On Friday (1/08/08) night at about 9pm my problem was absolved as a new event, typical to the South African experience occurred.
I had a good friend of mine, Sanele and some friends of his for my first night out in Durban, they took me to a beer garden, called (rather ingeniously) 'The Garden'. I parked and, as seems customary here, proceeded to cross 4 lanes of oncoming traffic without bothering to use a pedestrian crossing. I approached the bouncers, who stared curiously for a moment at probably the first white visitor for the year and just as likely the last, was frisked for weapons and was in. It was time to absorb my first taste of the Durban nightlife.

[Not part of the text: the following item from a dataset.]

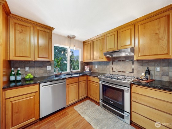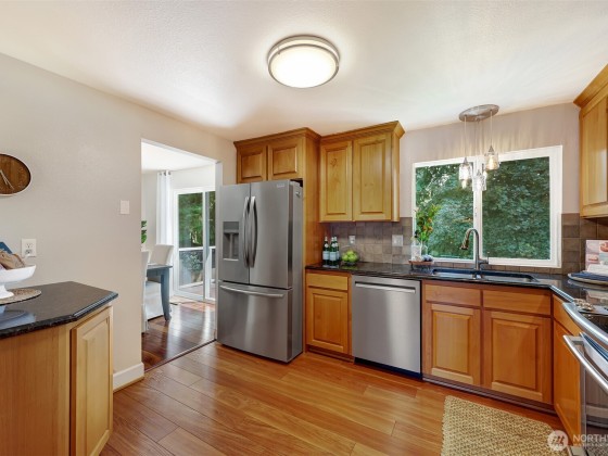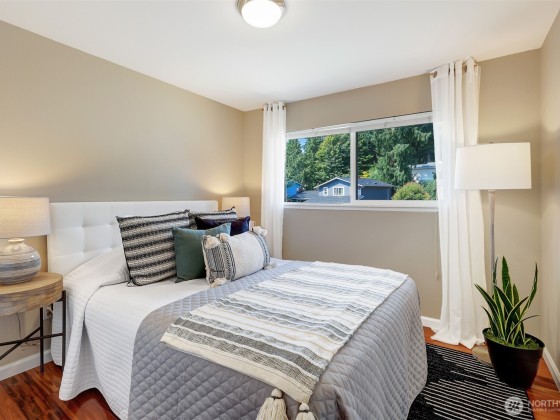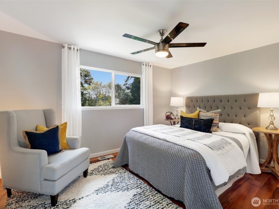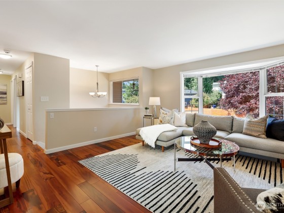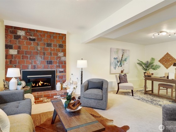 Beautifully updated & move-in ready, this Lynnwood gem offers stylish comfort & everyday convenience. Enjoy gorgeous Brazilian Koa engineered hardwoods, a fully remodeled kitchen with modern finishes, & beautifully remodeled baths that include radiant heat downstairs. Two spacious living areas each feature cozy gas fireplaces, with an additional downstairs room perfect for home office or guest bedroom. Stay comfortable year-round with 2024 installed central AC. Outside, a sunny upper deck, expansive lower patio, & vibrant mature gardens create a true outdoor oasis for gardeners & entertainers alike - & fully fenced as well! Close to transit, top-rated grocery, restaurants, & shops - this home has it all. Even a brand new roof! Welcome home.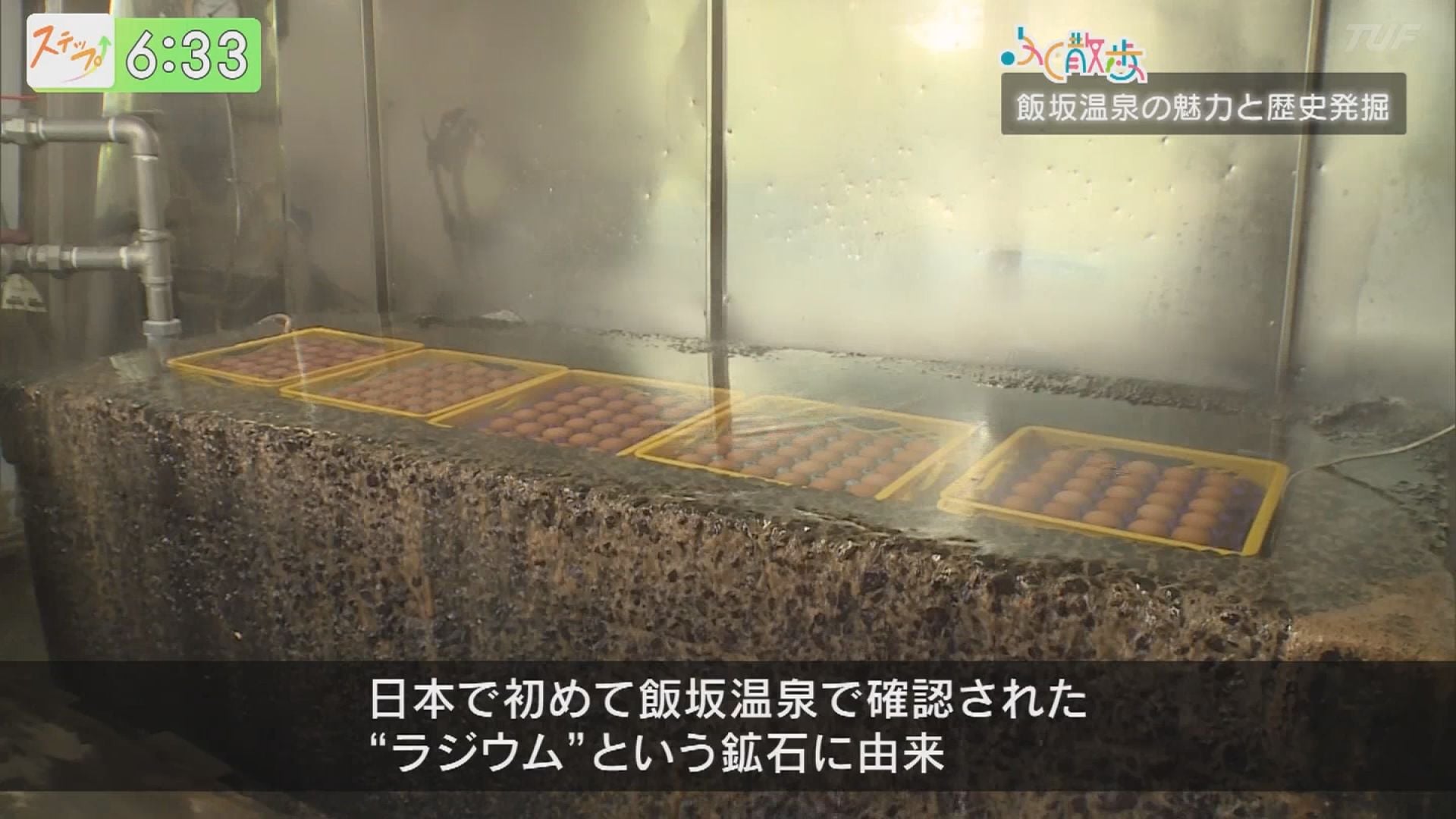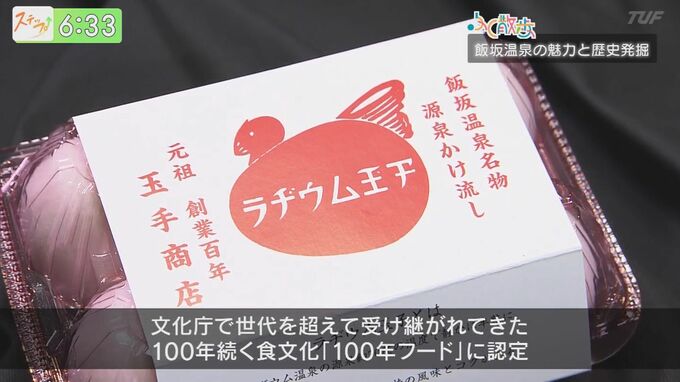 そう、こちらは『ラジウム玉子』。飯坂温泉では、日本で初めて確認された〝ラジウム″鉱石に由来して、温泉卵を〝ラジウム玉子″と呼ぶんです。文化継承のため、世代を超えて受け継がれてきた食文化「100年フード」にも認定。歴史を感じますね。

I worked my way through the crowd, greeting people occasionally and eventually found my way to some seats from which we could keep an eye on the car. I sat and surveyed the scene, House music pounded from across the garden, people were dancing between tables though most sat laughing, chatting with friends, guys trying to talk to girls, girls trying to ignore the guys. I could have been in Australia if not for the fact that I was the only white person in there, indeed the only white skin I had seen since leaving the McDonalds where I had met my friends that afternoon was that of my own hands as I locked the car door.
After a couple of hours of chatting away to my friends and others I had met there it was time to move to another club, we left and headed for the car buying a skewer of chicken from a street vendor with a Braii (BBQ) on my way out. I reached for my key only to find an unlocked door. I looked closer, the radio was on, strange as it only works when the key, which is in my hand, is in the ignition. I opened the door and soon realised, from the entangled mass of wires hanging from the ignition and the immobiliser that someone had tried to steal the car. While we sat 50m away and in full view of the car someone had tried to hotwire it, though luckily had failed.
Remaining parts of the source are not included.